WORK REQUIRED: Copy the data word for word, keeping every line.

(Stored data)
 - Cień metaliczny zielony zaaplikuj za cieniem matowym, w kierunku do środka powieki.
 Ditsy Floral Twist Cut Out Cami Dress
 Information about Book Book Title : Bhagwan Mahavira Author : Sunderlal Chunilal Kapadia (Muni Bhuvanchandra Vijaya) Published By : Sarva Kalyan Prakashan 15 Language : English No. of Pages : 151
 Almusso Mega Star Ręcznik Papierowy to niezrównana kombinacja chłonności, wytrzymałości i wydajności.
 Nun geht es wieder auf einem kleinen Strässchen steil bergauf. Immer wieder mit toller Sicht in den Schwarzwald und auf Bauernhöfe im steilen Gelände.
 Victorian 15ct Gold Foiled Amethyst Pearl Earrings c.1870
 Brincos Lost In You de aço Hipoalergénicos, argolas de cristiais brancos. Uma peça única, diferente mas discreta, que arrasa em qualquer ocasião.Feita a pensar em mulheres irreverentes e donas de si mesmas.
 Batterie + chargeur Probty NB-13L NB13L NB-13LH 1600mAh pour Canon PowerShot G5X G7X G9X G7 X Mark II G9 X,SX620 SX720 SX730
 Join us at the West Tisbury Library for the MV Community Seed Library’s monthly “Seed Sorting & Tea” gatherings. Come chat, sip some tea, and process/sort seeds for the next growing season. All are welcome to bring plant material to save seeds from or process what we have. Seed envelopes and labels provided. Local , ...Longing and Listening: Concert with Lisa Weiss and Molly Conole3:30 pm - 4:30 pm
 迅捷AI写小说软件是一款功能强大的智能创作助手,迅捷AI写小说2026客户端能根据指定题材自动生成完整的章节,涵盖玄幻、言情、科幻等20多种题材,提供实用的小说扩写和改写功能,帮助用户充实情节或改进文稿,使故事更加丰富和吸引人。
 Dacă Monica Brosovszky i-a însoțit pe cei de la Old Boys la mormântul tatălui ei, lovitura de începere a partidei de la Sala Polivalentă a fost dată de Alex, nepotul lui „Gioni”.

ANSWER FOR THE TASK:
 - Cień metaliczny zielony zaaplikuj za cieniem matowym, w kierunku do środka powieki.
 Ditsy Floral Twist Cut Out Cami Dress
 Information about Book Book Title : Bhagwan Mahavira Author : Sunderlal Chunilal Kapadia (Muni Bhuvanchandra Vijaya) Published By : Sarva Kalyan Prakashan 15 Language : English No. of Pages : 151
 Almusso Mega Star Ręcznik Papierowy to niezrównana kombinacja chłonności, wytrzymałości i wydajności.
 Nun geht es wieder auf einem kleinen Strässchen steil bergauf. Immer wieder mit toller Sicht in den Schwarzwald und auf Bauernhöfe im steilen Gelände.
 Victorian 15ct Gold Foiled Amethyst Pearl Earrings c.1870
 Brincos Lost In You de aço Hipoalergénicos, argolas de cristiais brancos. Uma peça única, diferente mas discreta, que arrasa em qualquer ocasião.Feita a pensar em mulheres irreverentes e donas de si mesmas.
 Batterie + chargeur Probty NB-13L NB13L NB-13LH 1600mAh pour Canon PowerShot G5X G7X G9X G7 X Mark II G9 X,SX620 SX720 SX730
 Join us at the West Tisbury Library for the MV Community Seed Library’s monthly “Seed Sorting & Tea” gatherings. Come chat, sip some tea, and process/sort seeds for the next growing season. All are welcome to bring plant material to save seeds from or process what we have. Seed envelopes and labels provided. Local , ...Longing and Listening: Concert with Lisa Weiss and Molly Conole3:30 pm - 4:30 pm
 迅捷AI写小说软件是一款功能强大的智能创作助手,迅捷AI写小说2026客户端能根据指定题材自动生成完整的章节,涵盖玄幻、言情、科幻等20多种题材,提供实用的小说扩写和改写功能,帮助用户充实情节或改进文稿,使故事更加丰富和吸引人。
 Dacă Monica Brosovszky i-a însoțit pe cei de la Old Boys la mormântul tatălui ei, lovitura de începere a partidei de la Sala Polivalentă a fost dată de Alex, nepotul lui „Gioni”.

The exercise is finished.